Most people who can't master vibrato are holding the violin too rigidly in the left hand and arm - meaning there is too little support from the chin and shoulder. When I took master classes with Hugh Bean 45 years ago he told us all that we should be able to walk around a room with the fiddle well and truly supported by chin and shoulder with our hands in our pockets.
That develops such a feeling of lightness in the left arm/wrist/hand that ones vibrato is much easier to develop/improve.
The greatest paradox was learning to increase finger pressure without stiffening the wrist/arm at the same time.
Try walking around the room. Also are you using the best shoulder rest FOR YOU? The correct shoulder rest is different for all because it depends on the height of the shoulder and the length of the neck. So maybe you don't get enough shoulder/chin support, which brings the arm into a much more of a"holding the thing up" mode, which is not good for development.


----------



## Ingélou

:tiphat: Thanks, senza sordino, for the list of pieces for vibrato practice - they look just the job!

:tiphat: And thanks, Pip, for your advice. I think I'm okay with the shoulder rest - I have a long neck - and I have no problem supporting the violin with my shoulder & chin. But I will have another think about that tomorrow.

Certainly I am guilty of 'the death grip', being a rather tense person, so I will work on relaxing my rigidity.

I am managing a puny little wobble at present which is totally underwhelming. I just hope things will improve!


----------



## Ingélou

I made a bit of progress today, trying both scales and senza sordino's suggested Londonderry Air.
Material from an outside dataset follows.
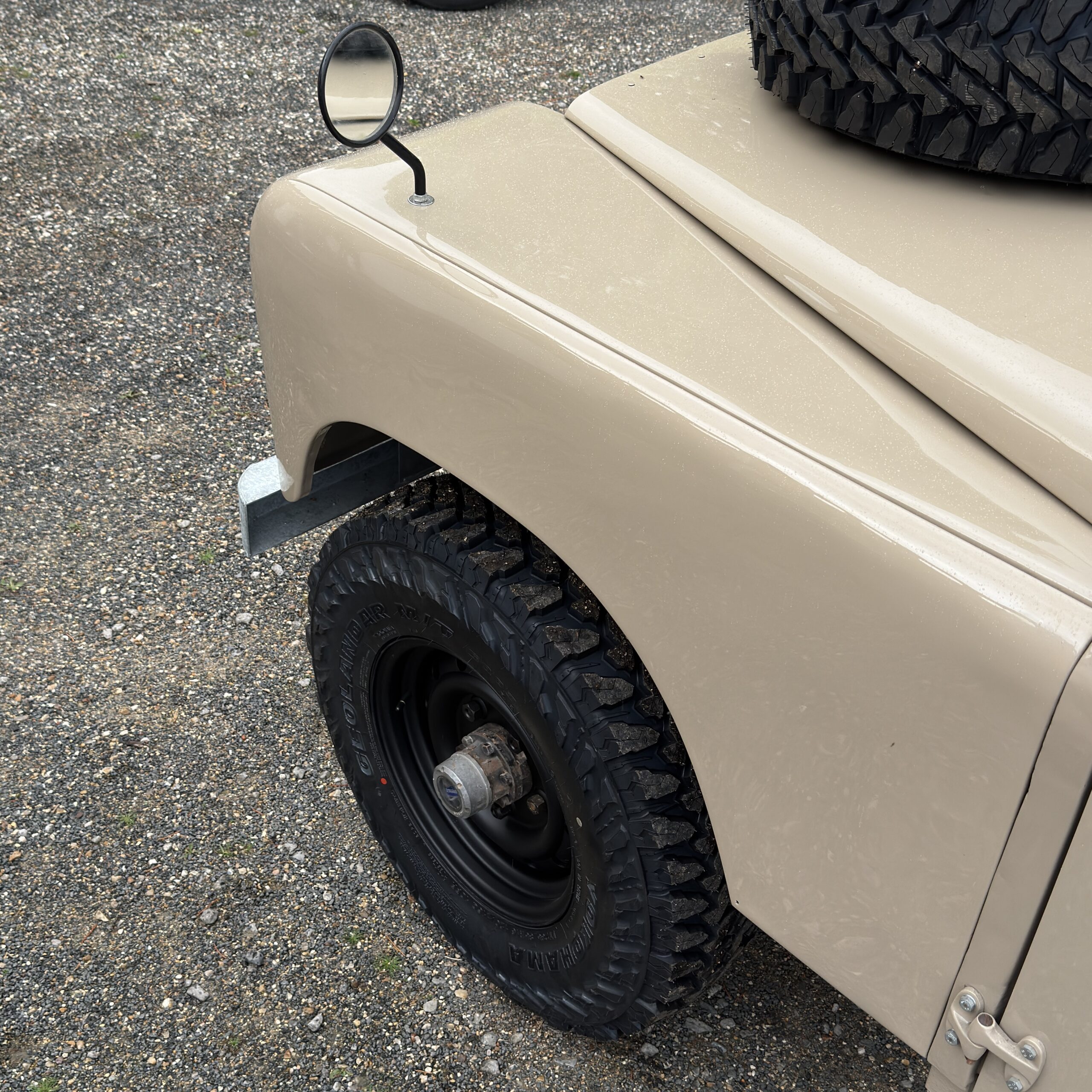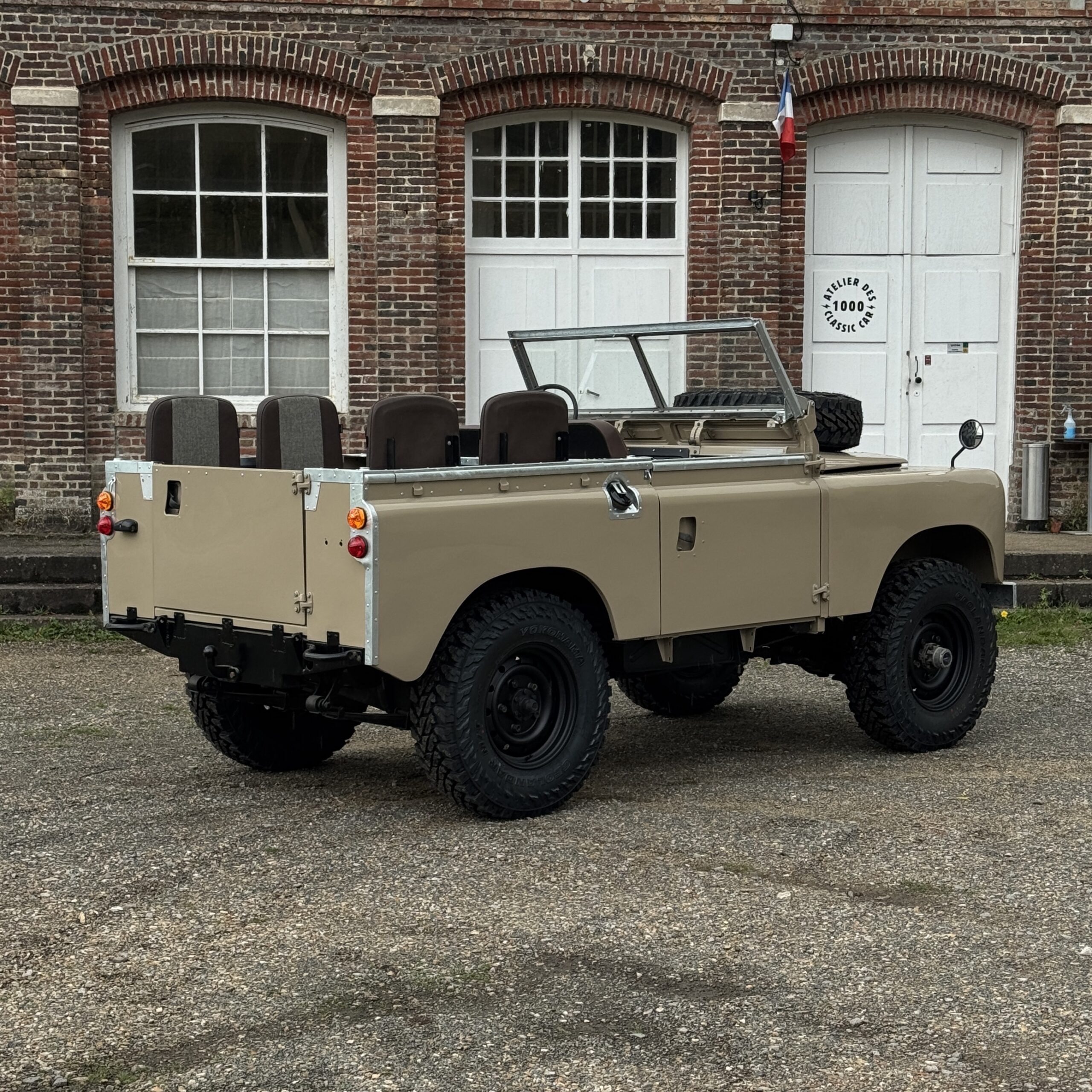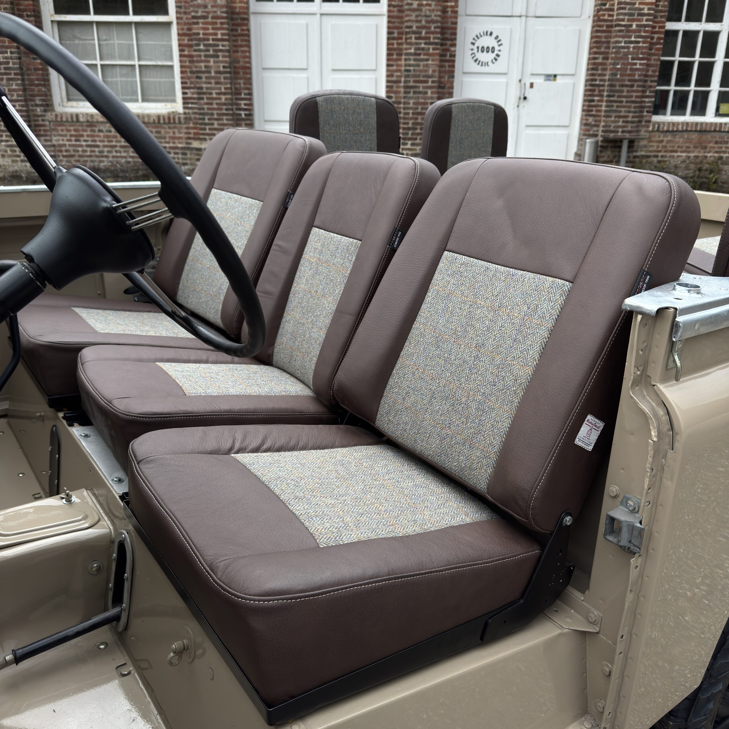 Avec cette teinte Sand, sa sellerie en cuir véritable Brown & Tweed et ses jantes Wolf noires chaussées de pneus de 285 , ce Serie 2A à été réstauré dans la plus pure tradition Land Rover tout en accentuant son look de baroudeur chic.

I was doing the thing about anchoring the fiddle scroll on the wall in the corridor outside my bedroom, and then I realised that the bedroom lamp was casting a shadow of my left arm on the white wall. So I could deliberately make the shadow move to and fro as it's supposed to. It really helps to see how much you can shake your arm. I have a mirror in my practice room and can watch my arm reflected, but somehow the shadow is even better!


----------



## zvioliny

My teacher told me to put my second finger (middle finger) on the a string in a higher position and put the scroll against the wall. After that I was supposed to rock my hand back and forth on my finger, in the direction of the string, not from side to side. I learned pretty quickly that way.
I hope my explanation is understandable. Good luck!


----------



## heatedbonfire

zvioliny said:


> My teacher told me to put my second finger (middle finger) on the a string in a higher position and put the scroll against the wall. After that I was supposed to rock my hand back and forth on my finger, in the direction of the string, not from side to side. I learned pretty quickly that way.
> I hope my explanation is understandable. Good luck!


That sounds like the same method I was taught. Worked well for me too.


----------



## pirastro

I have heard the quickest way to acquire a good vibrato is to have a stand partner with a good vibrato.


----------



## Fagotterdammerung

Vibrato came to me very easily when it came to string playing. I agree with those that said relaxation is key.

Start with a slow wobble. This won't sound good, but at a very slow pace you can easily control it, and also control the _width_ of your vibrato, which tends to be a very personal thing among string players. Gradually pick up the pace once you feel you can.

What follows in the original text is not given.